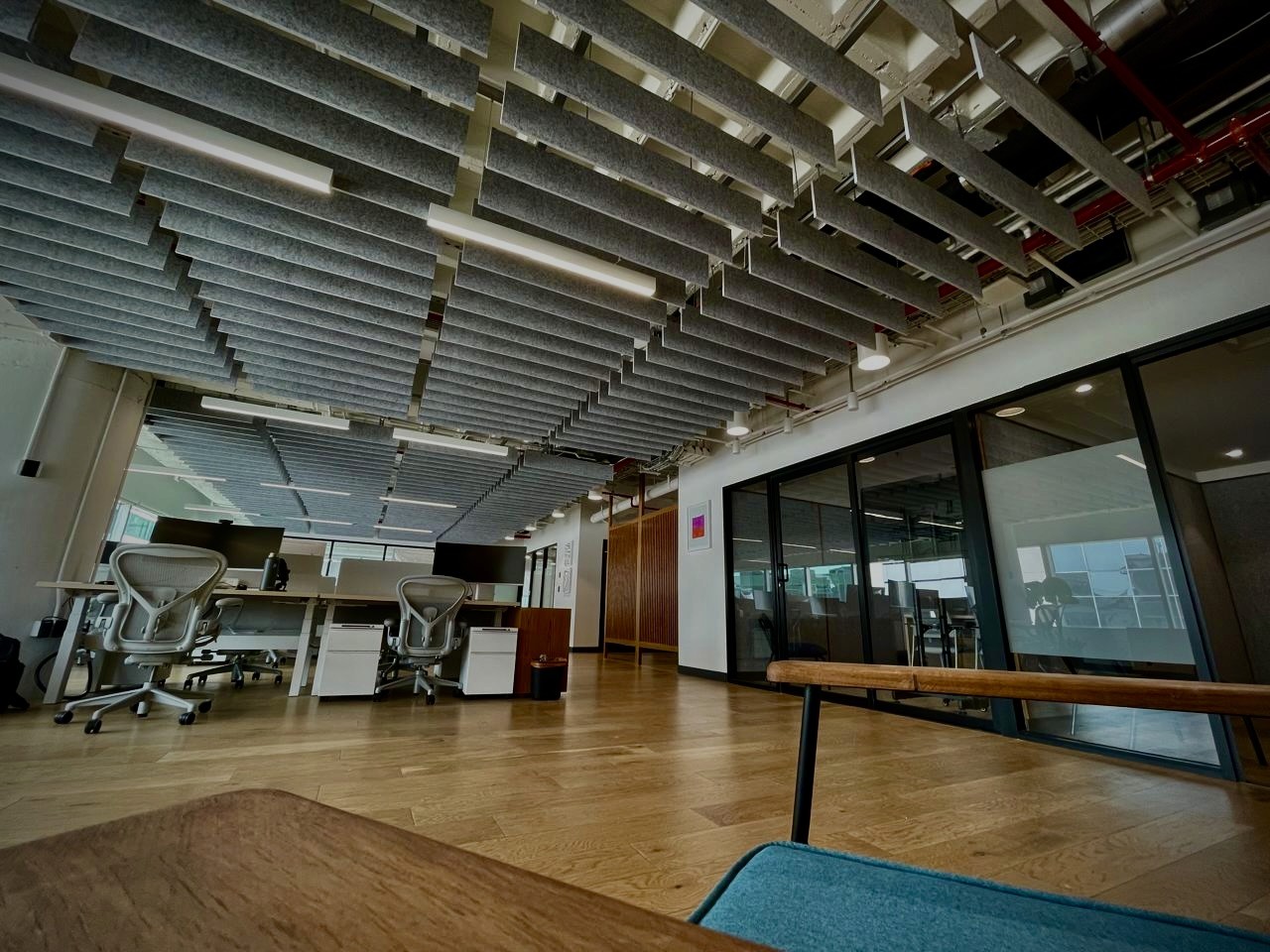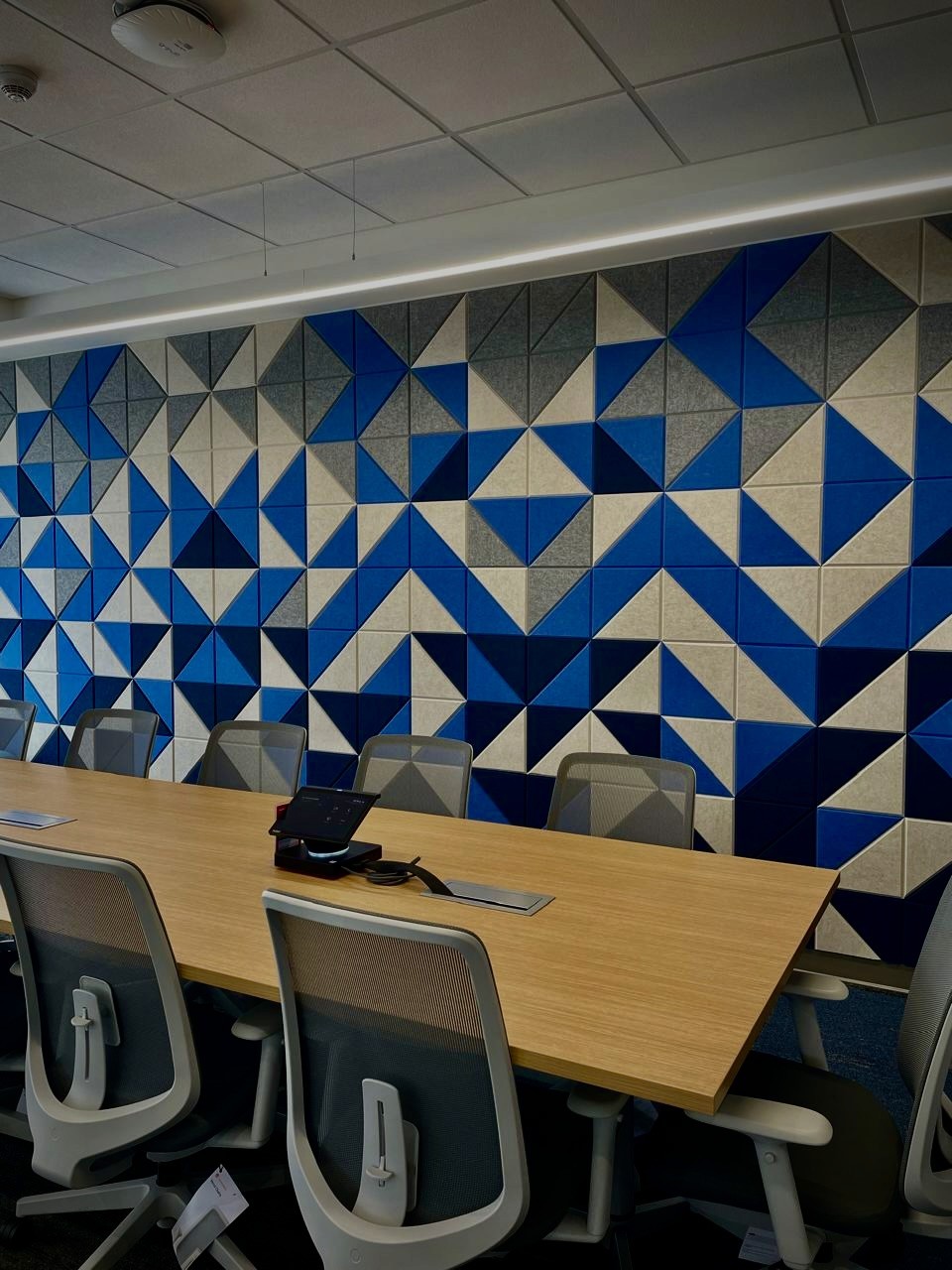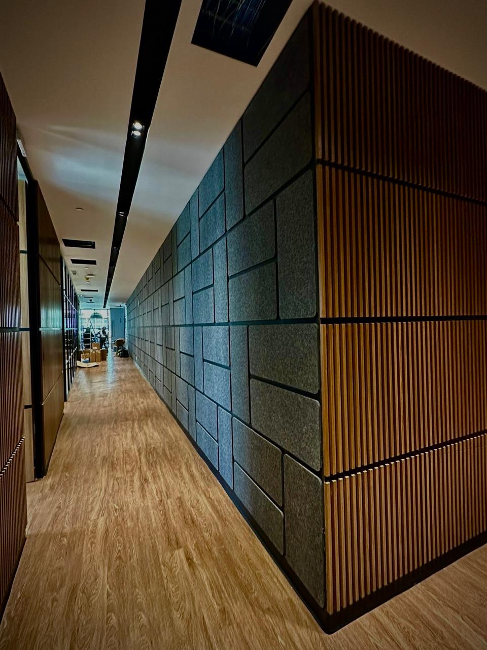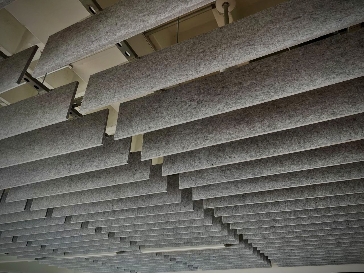 Plafones, baffles, muros y nubes acústicas instalados con precisión técnica.
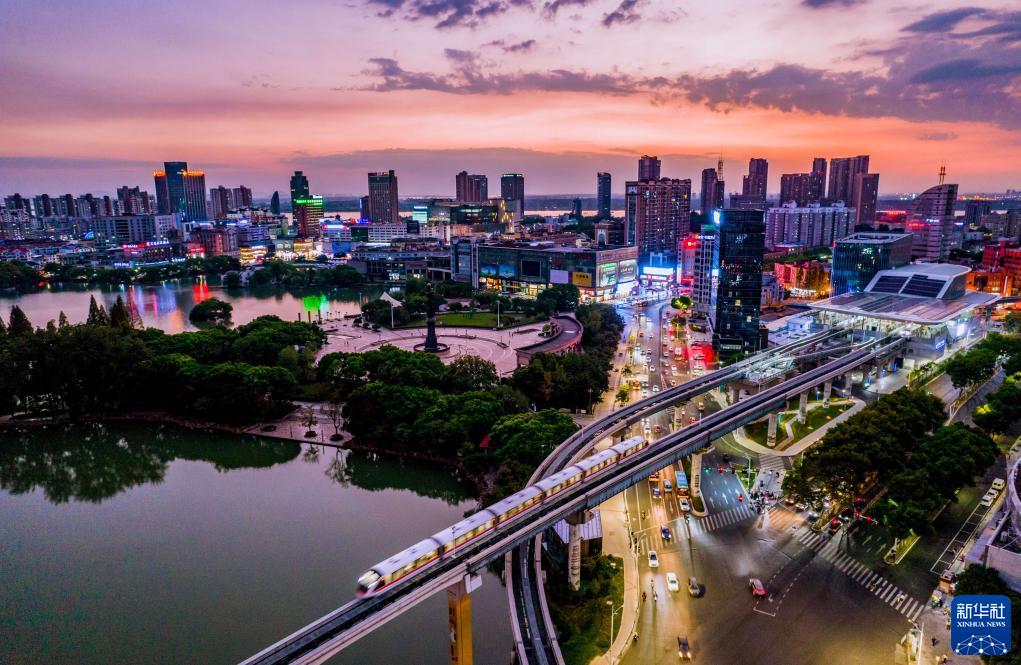 这是单轨列车行驶在安徽芜湖市区的景象(2022年9月16日摄)。
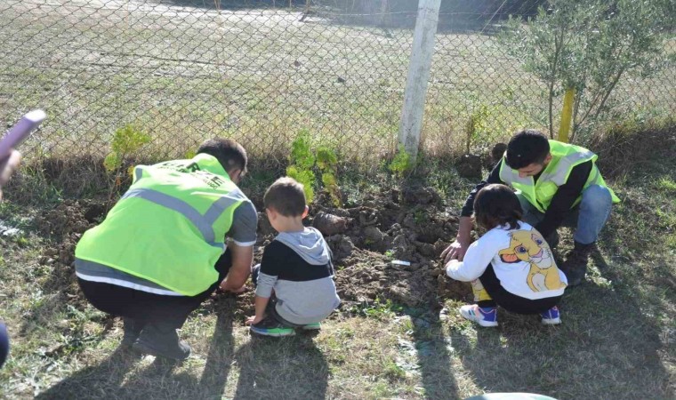 Sinop’un Gerze ilçesinde anaokulu öğrencileri, Cumhuriyet’in 100. yılı için düzenlenen etkinlikte fidan dikimi gerçekleştirdi.
☆ ☆ ☆ ☆
The data is to be printed again exactly, but without its pictures.

 Plafones, baffles, muros y nubes acústicas instalados con precisión técnica.
 这是单轨列车行驶在安徽芜湖市区的景象(2022年9月16日摄)。
 Sinop’un Gerze ilçesinde anaokulu öğrencileri, Cumhuriyet’in 100. yılı için düzenlenen etkinlikte fidan dikimi gerçekleştirdi.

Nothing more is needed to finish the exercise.